The Broader Income Tax System Risk
India’s income tax system processes tens of millions of assessments annually. The Central Board of Direct Taxes (CBDT) has been actively encouraging the use of technology by AOs. If AOs across the country are using AI tools to assist in drafting assessment orders — and incorporating AI-generated citations without verification — the scale of potential illegality is staggering.
Every assessment order that cites a non-existent judgment is potentially void. Every taxpayer who has paid tax pursuant to such an order may have a claim for refund. And every AO who has signed such an order may have created personal exposure.
The KMG Wires judgment is therefore not just significant for the company — it is a warning shot across the entire income tax administration. The CBDT would be well-advised to issue an immediate circular prohibiting the use of AI-generated citations in assessment orders unless independently verified, and mandating that AOs document their citation verification process.

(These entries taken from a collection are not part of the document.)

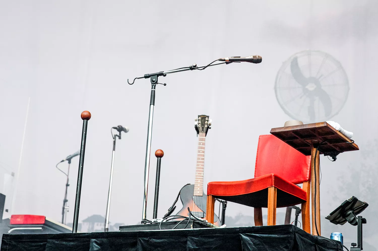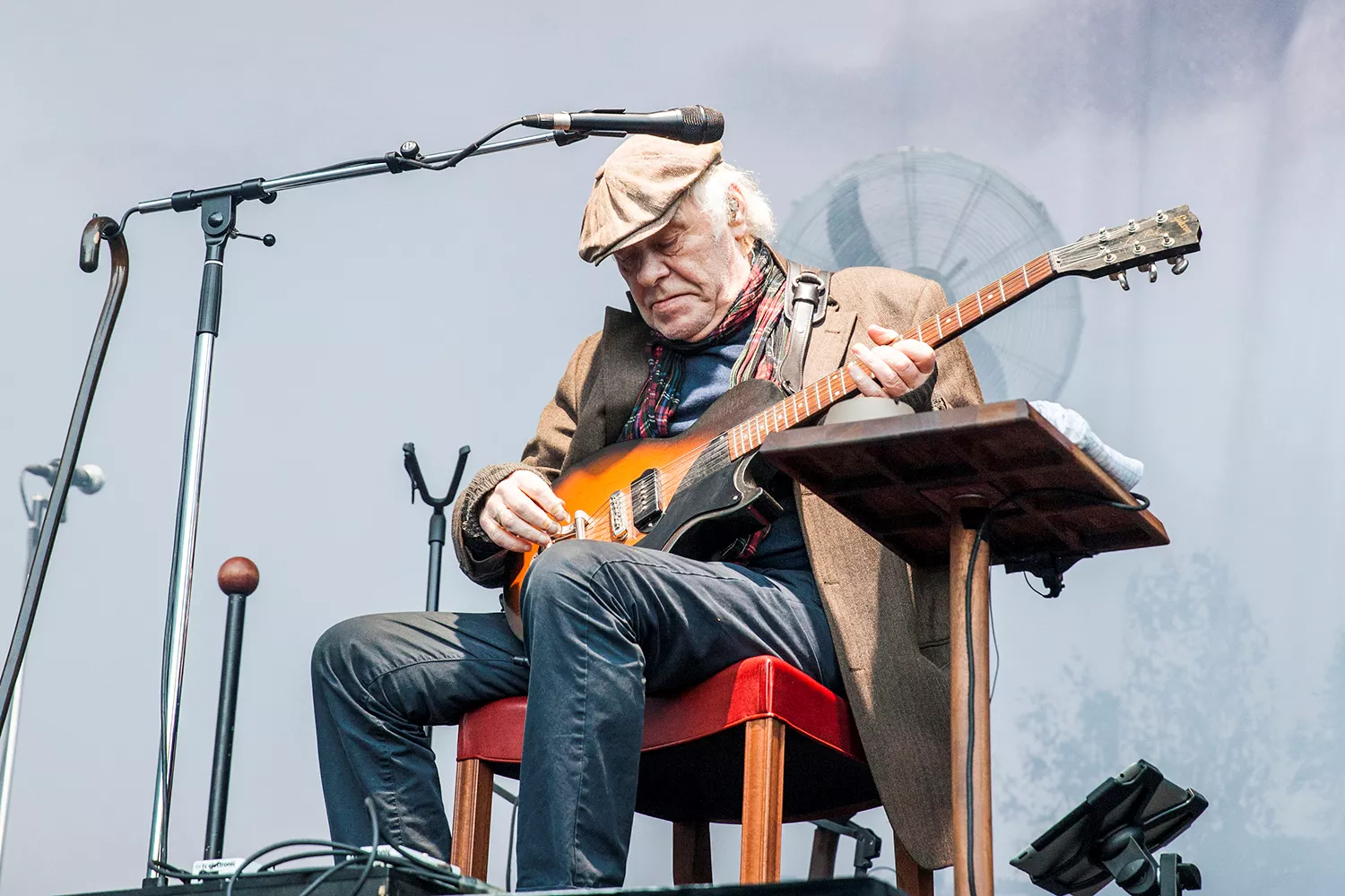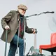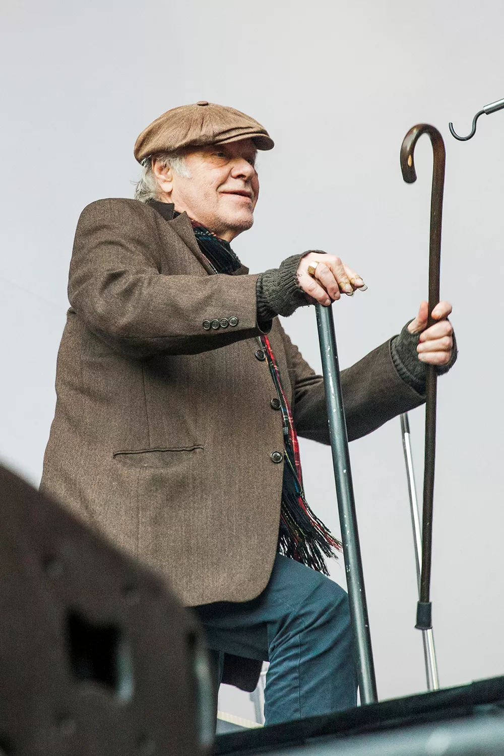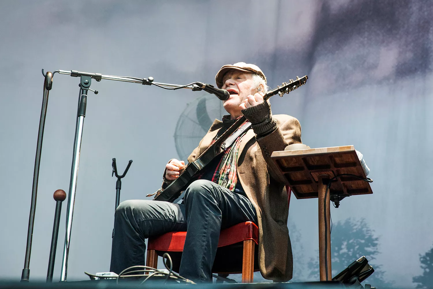 Med daggamle skægstubbe og et veloplagt grin slentrer Kim Larsen ind på scenen, og vi fornemmer, at humøret er højt.
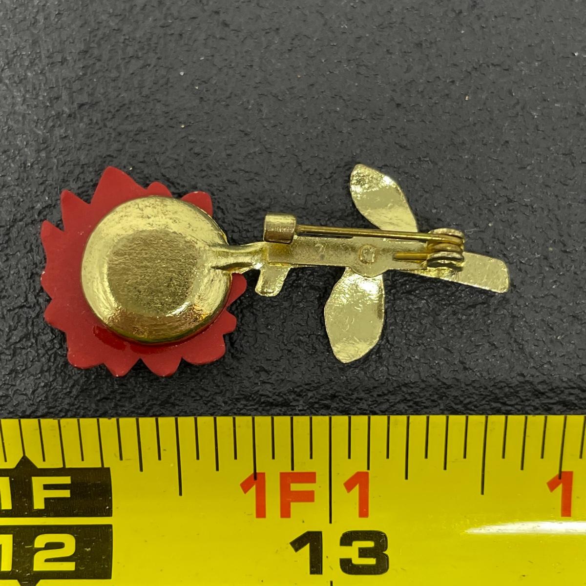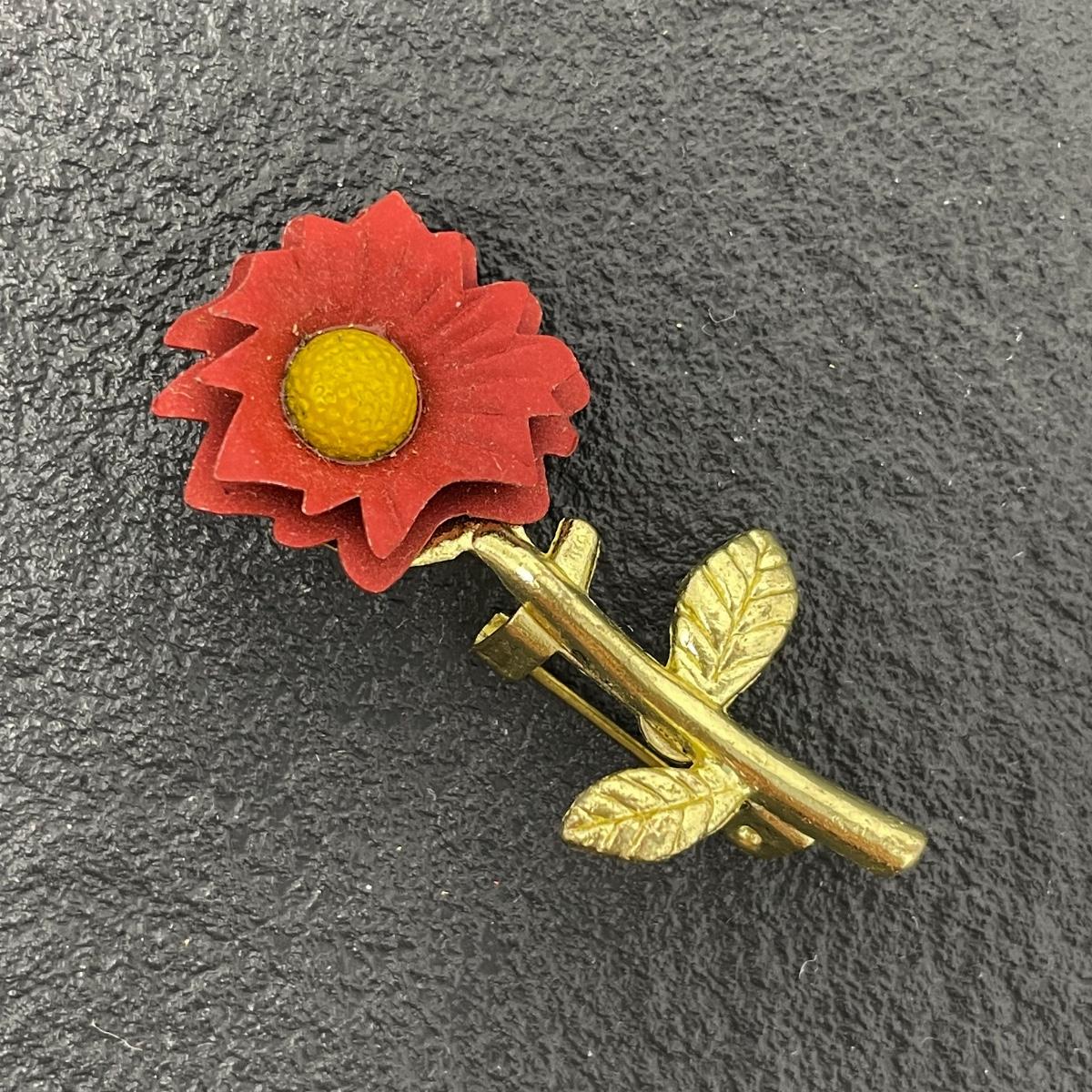 RED DAISY METAL BROOCH
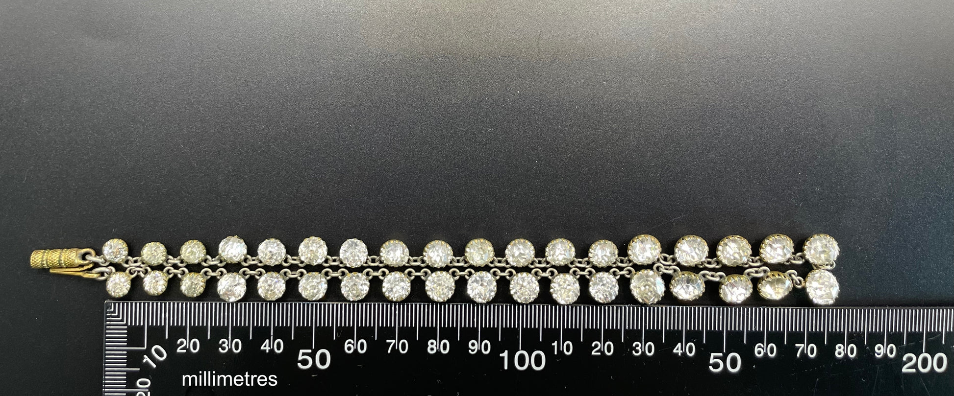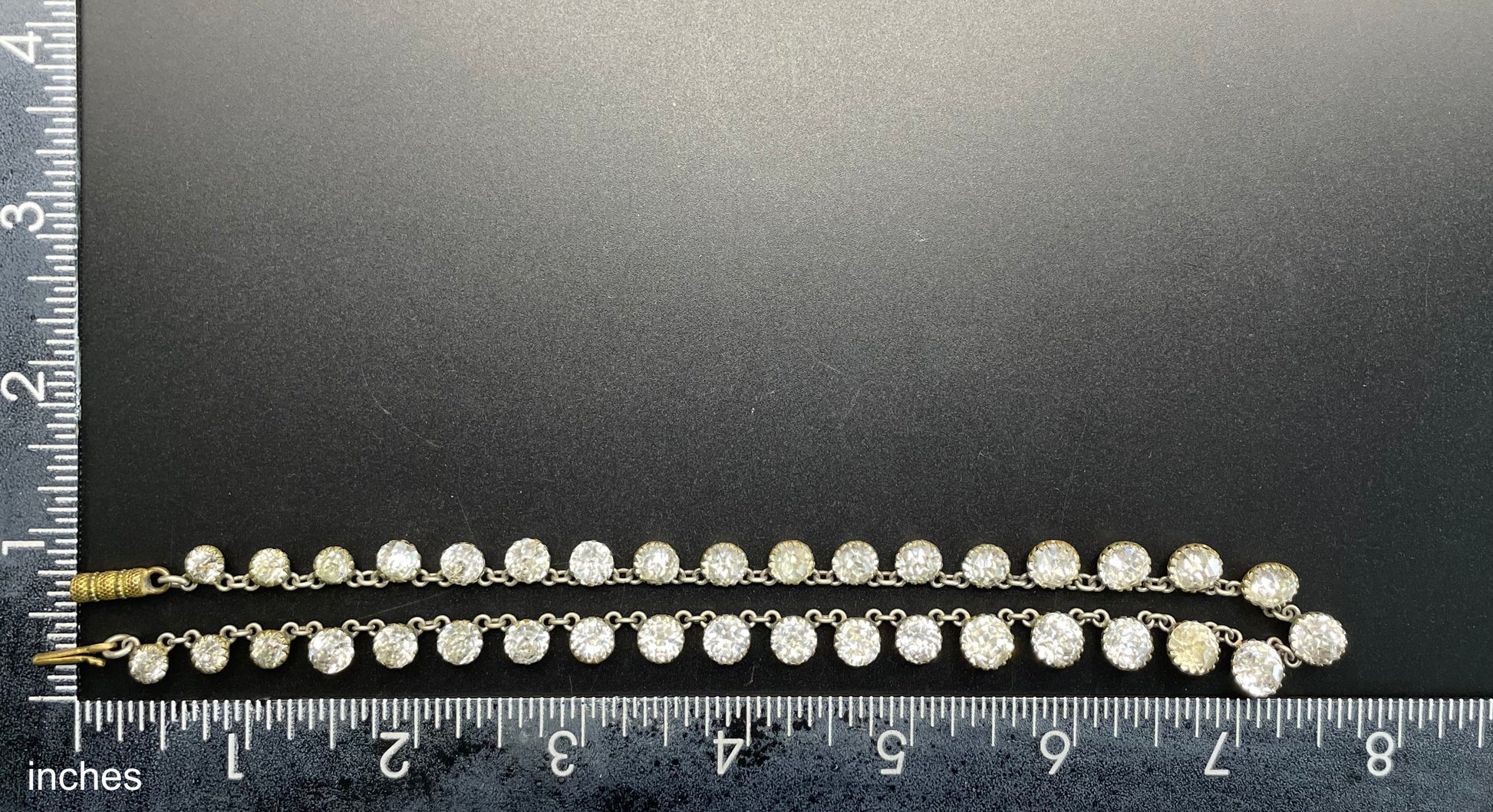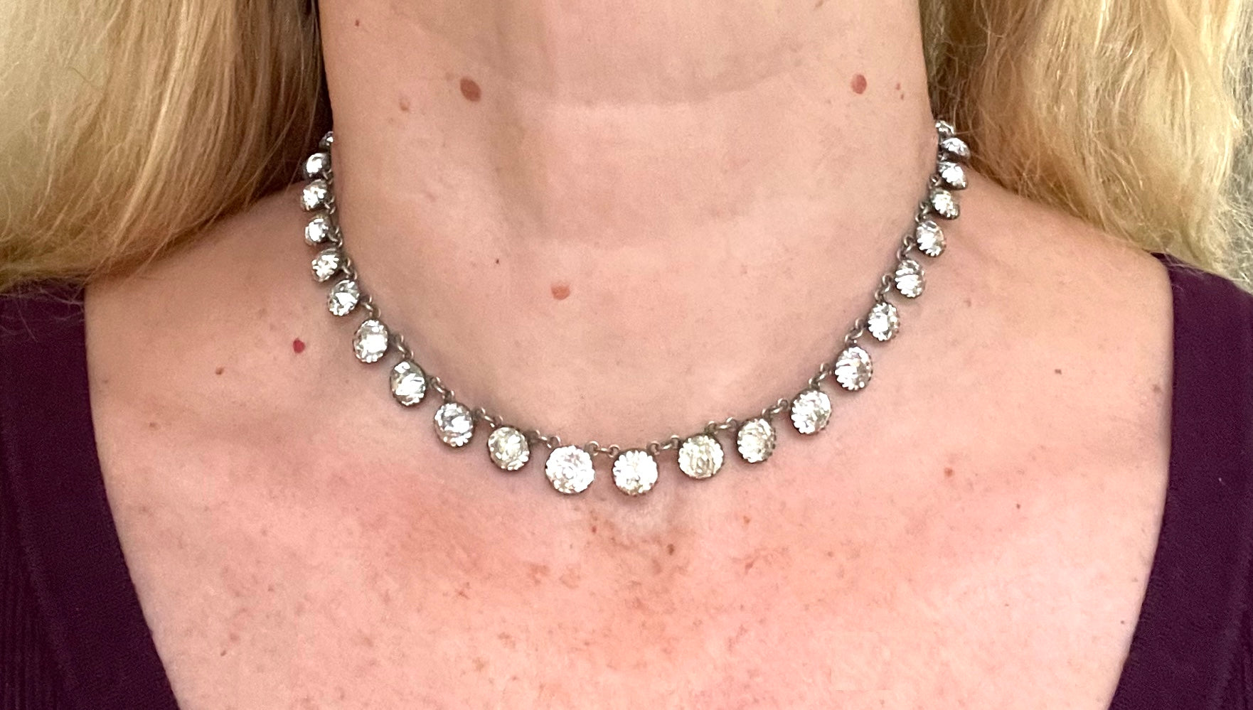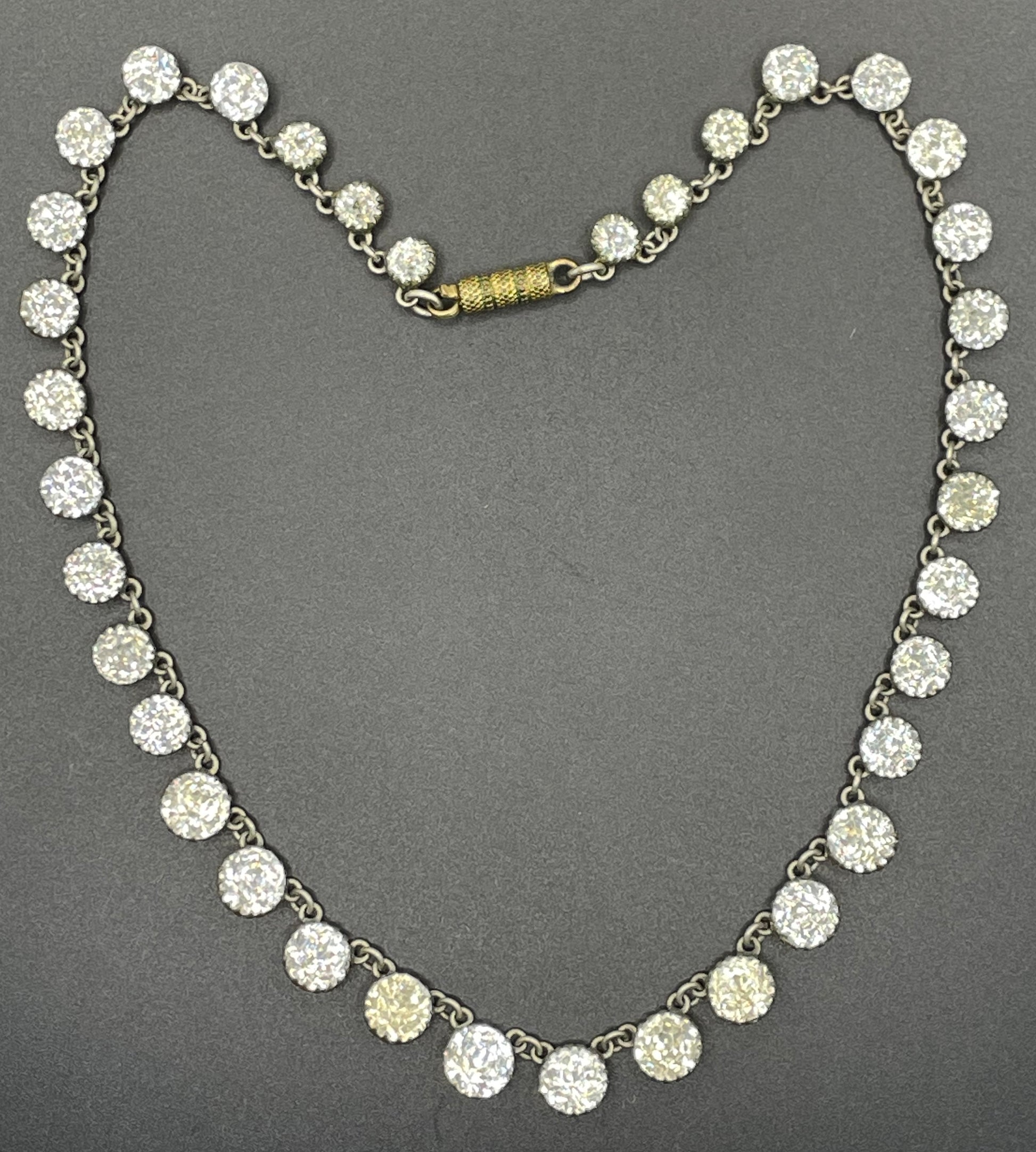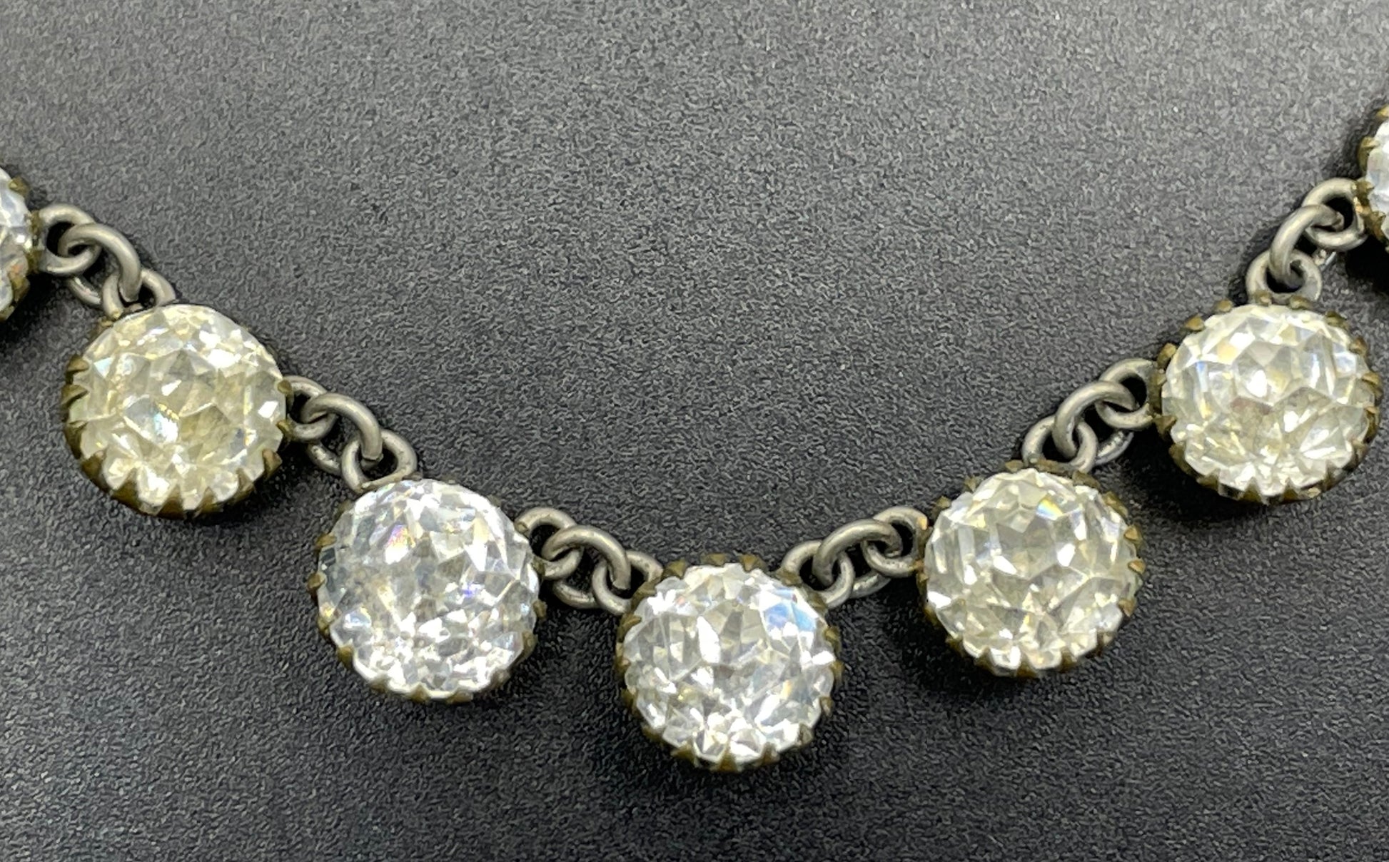 The stones are all identical in size and are remarkably bright and sparkling - these foiled settings allow the stones to stay bright. This is a beautiful piece with a slim-fitting choker length of about 15 inches. It fastens with an old Victorian push-in clasp in a gold tone metal.

Comparison with Global AI Hallucination Cases in Tax
While AI hallucination cases in legal proceedings have been documented globally, cases specifically in tax administration are rarer. The US Internal Revenue Service (IRS) has been cautious about AI adoption in formal proceedings. The UK’s HMRC has piloted AI for compliance but has not reported documented hallucination incidents in formal assessments.
India’s case is notable precisely because it has produced a clear, published judicial ruling: that AI-hallucinated citations in a tax assessment void the assessment. This gives Indian taxpayers a powerful tool to challenge assessments where AI use is suspected — and gives Indian courts a clear precedent to follow in future cases.
What to Watch For
The Income Tax Department’s response to this judgment will be telling. If the department issues guidance requiring AOs to verify citations before incorporation into orders, it would signal institutional acknowledgment of the AI risk. If no guidance follows, advocates and taxpayers should treat every assessment order as a potential candidate for the ‘citation check’ — a quick verification that takes minutes but can save a multi-crore dispute.
The ITAT is also likely to be confronted with this issue — indeed, the Buckeye Trust ITAT judgment (30 December 2024) appears to have involved the Tribunal itself using AI-generated content, with the order subsequently being withdrawn. The institutional consequences of AI misuse are spreading upward through the appellate hierarchy.